Records from a data collection
——
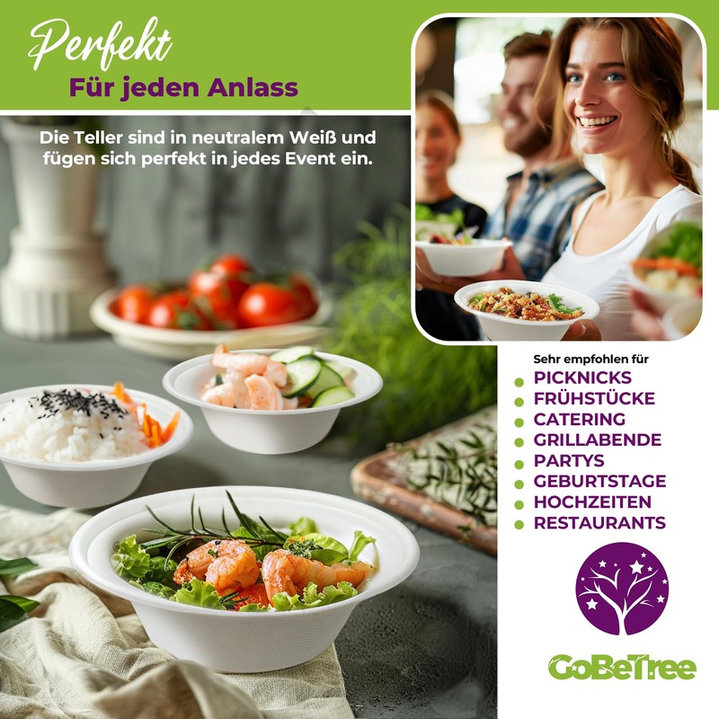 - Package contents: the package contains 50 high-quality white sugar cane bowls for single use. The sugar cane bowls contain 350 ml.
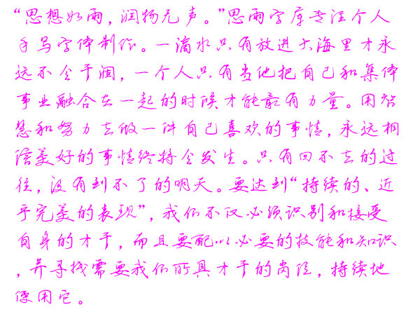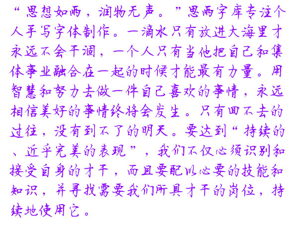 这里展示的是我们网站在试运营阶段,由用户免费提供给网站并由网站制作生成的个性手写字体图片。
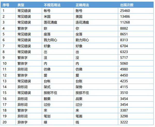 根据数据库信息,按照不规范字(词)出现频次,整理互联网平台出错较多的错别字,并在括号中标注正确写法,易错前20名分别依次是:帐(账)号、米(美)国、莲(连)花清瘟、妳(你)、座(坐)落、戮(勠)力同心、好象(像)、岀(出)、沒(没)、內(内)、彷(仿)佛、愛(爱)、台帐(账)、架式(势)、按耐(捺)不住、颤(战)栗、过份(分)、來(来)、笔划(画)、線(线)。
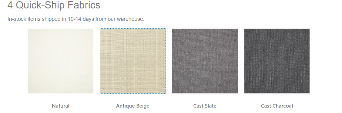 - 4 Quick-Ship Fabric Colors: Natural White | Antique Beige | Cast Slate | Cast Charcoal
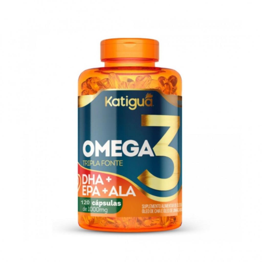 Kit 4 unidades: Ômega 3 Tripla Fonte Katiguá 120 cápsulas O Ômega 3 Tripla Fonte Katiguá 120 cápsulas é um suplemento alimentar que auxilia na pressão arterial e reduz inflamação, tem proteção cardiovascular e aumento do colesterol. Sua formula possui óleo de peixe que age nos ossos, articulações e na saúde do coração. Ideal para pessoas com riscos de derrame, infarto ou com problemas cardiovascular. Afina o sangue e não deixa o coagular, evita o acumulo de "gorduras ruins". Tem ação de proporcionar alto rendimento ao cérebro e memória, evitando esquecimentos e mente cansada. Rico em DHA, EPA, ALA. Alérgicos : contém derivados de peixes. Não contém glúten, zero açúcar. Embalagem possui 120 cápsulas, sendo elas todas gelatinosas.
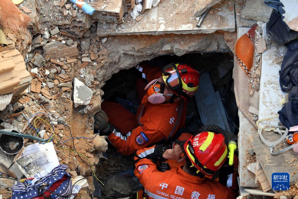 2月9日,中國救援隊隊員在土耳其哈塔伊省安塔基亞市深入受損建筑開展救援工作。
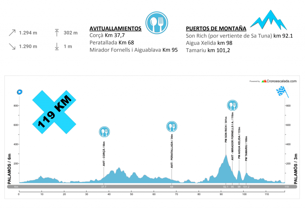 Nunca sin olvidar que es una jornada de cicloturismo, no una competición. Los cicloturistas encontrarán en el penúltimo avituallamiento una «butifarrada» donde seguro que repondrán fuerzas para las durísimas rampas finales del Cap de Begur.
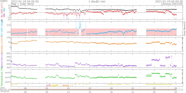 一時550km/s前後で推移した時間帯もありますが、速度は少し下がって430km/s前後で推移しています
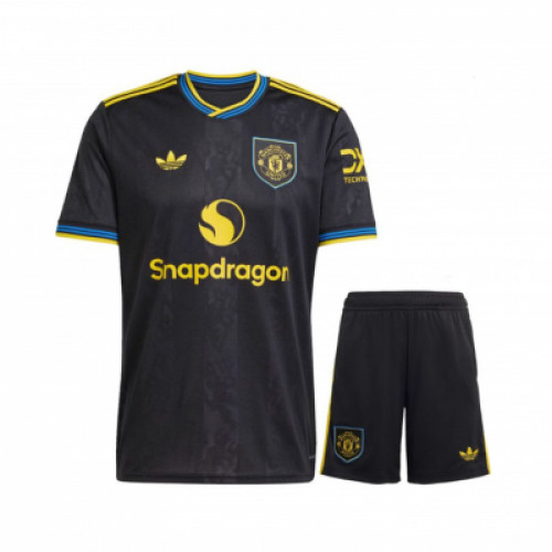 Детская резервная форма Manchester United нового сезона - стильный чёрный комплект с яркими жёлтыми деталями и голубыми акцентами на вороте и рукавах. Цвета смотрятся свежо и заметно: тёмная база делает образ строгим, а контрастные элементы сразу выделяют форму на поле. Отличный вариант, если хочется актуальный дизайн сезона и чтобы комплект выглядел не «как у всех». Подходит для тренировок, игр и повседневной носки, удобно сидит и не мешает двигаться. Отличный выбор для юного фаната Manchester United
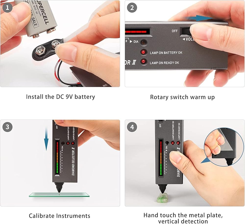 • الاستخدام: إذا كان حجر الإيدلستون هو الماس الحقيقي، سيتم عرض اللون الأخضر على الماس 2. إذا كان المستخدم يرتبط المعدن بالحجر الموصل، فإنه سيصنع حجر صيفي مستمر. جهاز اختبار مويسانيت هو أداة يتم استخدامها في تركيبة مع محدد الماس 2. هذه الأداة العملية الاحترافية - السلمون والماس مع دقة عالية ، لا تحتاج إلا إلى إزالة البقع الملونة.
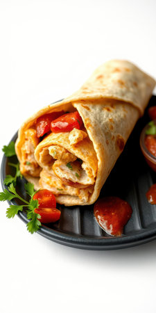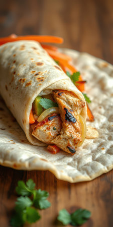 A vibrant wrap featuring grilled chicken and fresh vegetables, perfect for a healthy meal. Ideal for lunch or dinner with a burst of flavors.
——
» **Goal of the exercise**
Print exactly the lines above that run from the one with "Kit 4 unidades: Ômega" down to the one with "一時550km/s前後で推移", and omit the pictures.

» **Answer for the task**
 Kit 4 unidades: Ômega 3 Tripla Fonte Katiguá 120 cápsulas O Ômega 3 Tripla Fonte Katiguá 120 cápsulas é um suplemento alimentar que auxilia na pressão arterial e reduz inflamação, tem proteção cardiovascular e aumento do colesterol. Sua formula possui óleo de peixe que age nos ossos, articulações e na saúde do coração. Ideal para pessoas com riscos de derrame, infarto ou com problemas cardiovascular. Afina o sangue e não deixa o coagular, evita o acumulo de "gorduras ruins". Tem ação de proporcionar alto rendimento ao cérebro e memória, evitando esquecimentos e mente cansada. Rico em DHA, EPA, ALA. Alérgicos : contém derivados de peixes. Não contém glúten, zero açúcar. Embalagem possui 120 cápsulas, sendo elas todas gelatinosas.
 2月9日,中國救援隊隊員在土耳其哈塔伊省安塔基亞市深入受損建筑開展救援工作。
 Nunca sin olvidar que es una jornada de cicloturismo, no una competición. Los cicloturistas encontrarán en el penúltimo avituallamiento una «butifarrada» donde seguro que repondrán fuerzas para las durísimas rampas finales del Cap de Begur.
 一時550km/s前後で推移した時間帯もありますが、速度は少し下がって430km/s前後で推移しています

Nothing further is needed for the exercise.